The news that the submarines, or at some of them could shoot back, had come as an unwelcome surprise for the crews, and until such time as a defence could be devised, the crews were trying all manner of things to fox the submarines. The pilot of Trident Eight Four put the nose down, at the same time as throttling back to reduce the aircraft’s heat signature, and in the back a crewmember got ready some magnesium flares, in preparation to eject them should anything nasty be awaiting the aircraft.
The Portuguese P-3 had also detected what was in fact a snorkel, and the Orion was much closer.
They watched the Orion on radar as it began its run, and then the P-3s track vanished, without any warning whatsoever. The only thing the Nimrods pilot could be reasonably sure of was that if it had been a missile it had not come from the radar target, it was too far away. He noted the position that the Orion had disappeared, and swept in on the same line, but dropping a torpedo a mile short of that position. The Nimrod was dropping flares every few seconds, and the big aircraft banked hard after releasing, which probably saved all their lives.
They had inadvertently turned toward the undetected Whiskey class boat, and the aircraft’s bulk masked the heat signature of the four BMW/Rolls-Royce BR 710 turbofan engines, and the launched-at-depth air defence missile curved down to follow the last flare ejected by the Nimrod crewman. At only 100 feet altitude when it ignited, the flares life was very limited, but the heat-seeking missile followed it down and impacted with the sea.

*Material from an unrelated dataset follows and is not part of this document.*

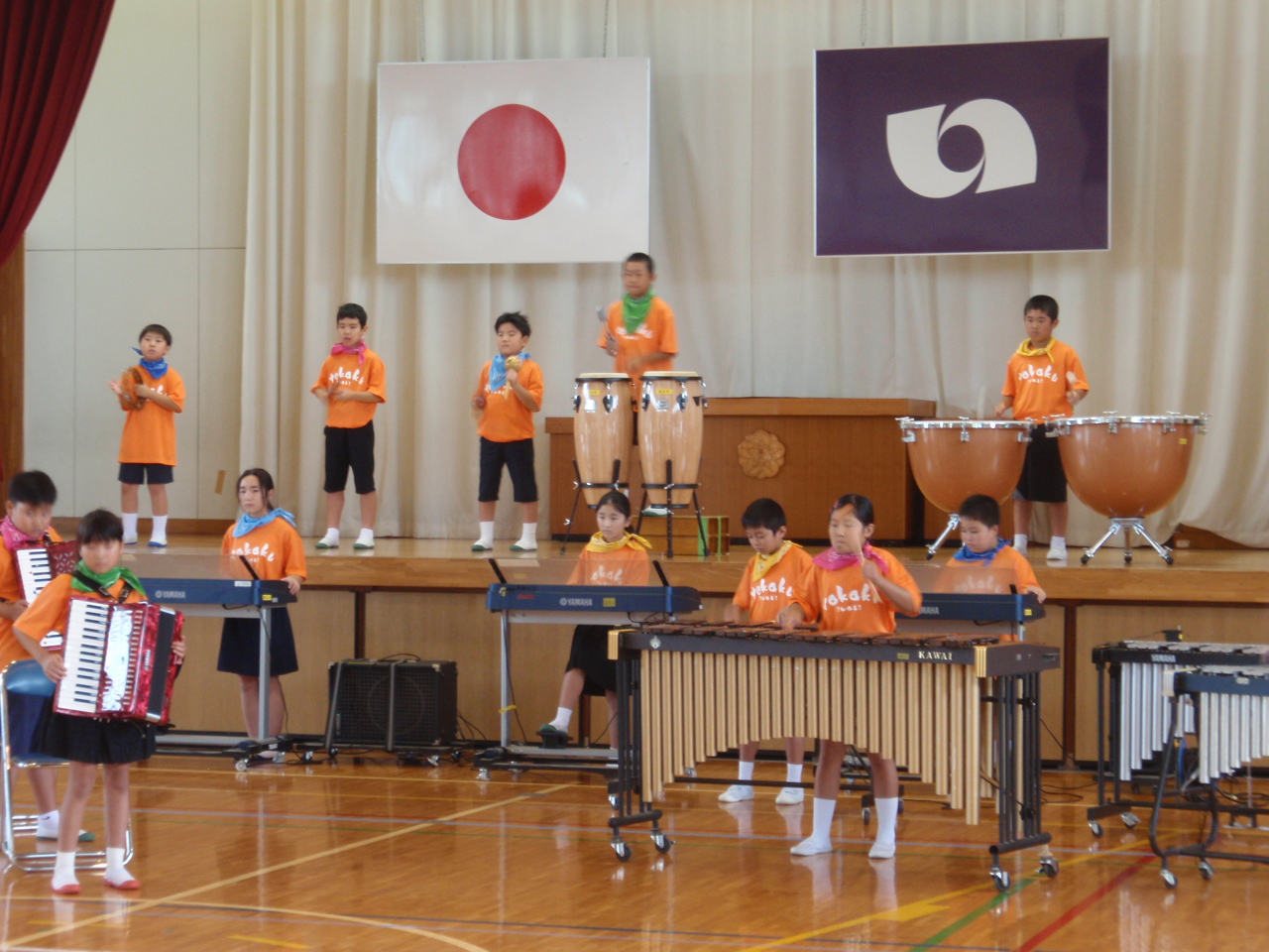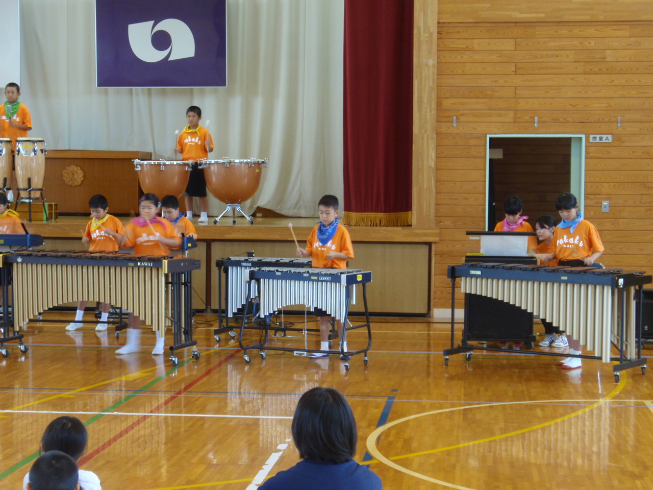 4年生20名が演奏する曲は「エルクンバンチェロ」。「太鼓をたたいてお祭り騒ぎをする人」という意味があるそうです。おそろいのかっこいいTシャツにも負けない、息の合った迫力ある素敵なハーモニーに、子供たちも先生方も、大きな拍手を送っていました。音楽祭当日も、自分たちらしい最高の演奏ができるよう、応援しています。

Aboard the Whiskey, the LAD mast was retracted when the Nimrods Stingray torpedo was detected and following Russian Naval doctrine the diesel boat went to flank speed, turning towards the threat. The theory was that if they closed the distance quickly, the torpedo may not have had sufficient time to arm itself, but the Stingray was armed the moment its drogue chute detached from its anchor point at the weapons stern. The warheads and fuel in the Whiskeys torpedoes, sitting on racks in the forward torpedo room blew when the Stingray detonated on the submarines bow. Trident Eight Four had circled around, still ejecting flares manually and they saw the sea heave upward in a tall pillar of angry water. As the column of water subsided, the Whiskeys stern broke the surface with its propellers still turning as it rose vertically from below the surface for a moment, before disappearing back into the depths.
The sound of the concussion warned the snorkelling Kilo, which now sought to get below the thermal layer where the sonar returns from any buoys dropped by the hunters would be distorted. However, the Nimrods pilot was confident that they had a good enough fix without dropping buoys, and the aircraft’s bomb-bay opened as the aircraft swept in, another Mk-50 dropped clear and splashed into the cold sea. The Nimrod was on a roll, three minutes later the Kilo surfaced; wallowing in the waves as the crew took to inflatable life rafts.